Und Apel meint, dass das Problem, auf das die moderne Diskussion geführt habe, darin bestehe, »die kantische Frage nach den Bedingungen der Möglichkeit und Gültigkeit wissenschaftlicher Erkenntnis als Frage nach der Möglichkeit einer intersubjektiven Verständigung über Sinn und Wahrheit von Sätzen bzw. von Satzsystemen zu erneuern. Das würde bedeuten, dass die kantische Erkenntniskritik als Bewusstseinsanalyse in eine Sinnkritik, als Zeichenanalyse zu transformieren wäre« (K. O. Apel, Transformation der Philosophie, Frankfurt 1976, S. 157–163).

Die sogenannte »Frankfurter Schule« von Apel und Habermas hat dann selbst wiederum das »kommunikative Handeln« dem produktiv-technischen gegenübergestellt. Nach Habermas liegen die normativen Grundlagen der Gesellschaft in der Sprache, die als zwischenmenschliches Verständigungsmittel soziale Interaktion erst ermöglicht. Die in der Sprache angenommene kommunikative Rationalität bildet die Grundlage sozialen Handelns und überholt den Begriff des zweckrationalen Handelns. Wieso eigentlich? In der Regel ist es doch so, dass das (kooperative) Handeln überhaupt erst die Wirklichkeiten schafft, über die man dann versuchen kann, sich begrifflich-sprachlich zu verständigen.

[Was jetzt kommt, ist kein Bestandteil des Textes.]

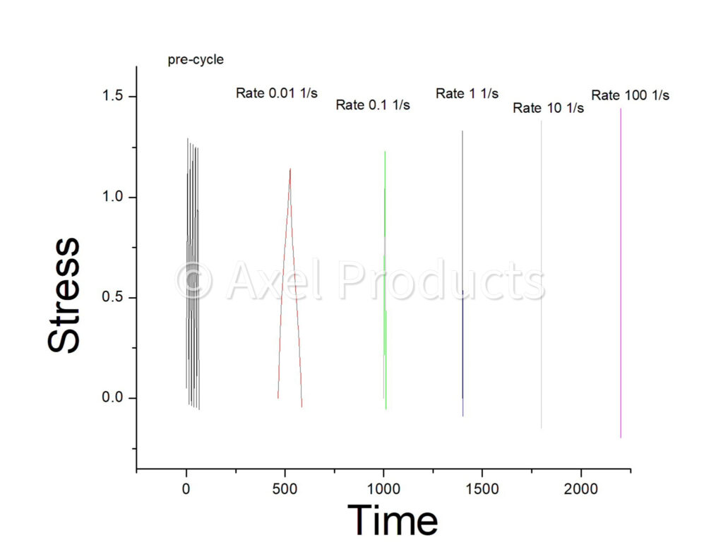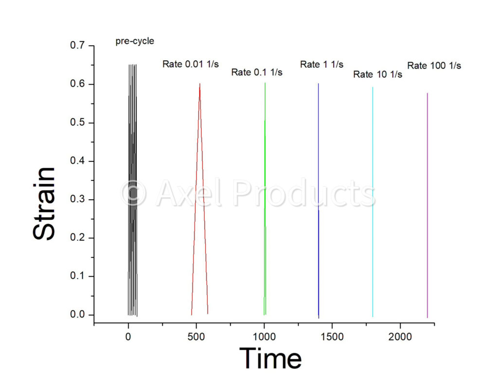 In this case, the objective is to characterize the strain rate sensitivity and hysteresis of a rubber subjected to large strains in service.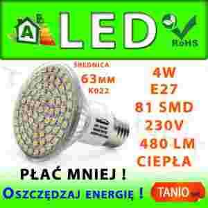 ŻARÓWKA E27 LED 81 SMD HALOGEN CIEPŁA 480lm 4W K22

Der ganze Fortschritt, den Hersh bezüglich seiner Ausgangsfrage nach der Objektivität der Mathematik im Auge hat, wäre doch nichtig, wenn es um die bloße sprachliche Verständigung zu einer a priori gegebenen Wirklichkeit ginge. Will man die Wissenschaft in einem sozialen Rahmen sehen, dann kann man wohl Handwerk und Produktion schlecht ausschließen, um sich so auf das rein kommunikative Handeln zurückziehen. Und sofern man andererseits den Gesellschaftsbegriff erweitert, sieht man, dass Handwerk, Technik und Industrie ganz eigene Beiträge leisten und auch eine ganz andere Mathematik und spezielle naturwissenschaftliche Leistungen erwarten. Beispielsweise erkennen die amerikanischen Hersteller von Elektrogeräten mehr und mehr, dass die bloße Blaupausenproduktion bei in die dritte Welt ausgelagerter Fertigung die Erfindung und die Konstruktion immer ärmer werden lässt, und man beginnt, auch die Produktion selbst wieder in die USA zurückzuholen.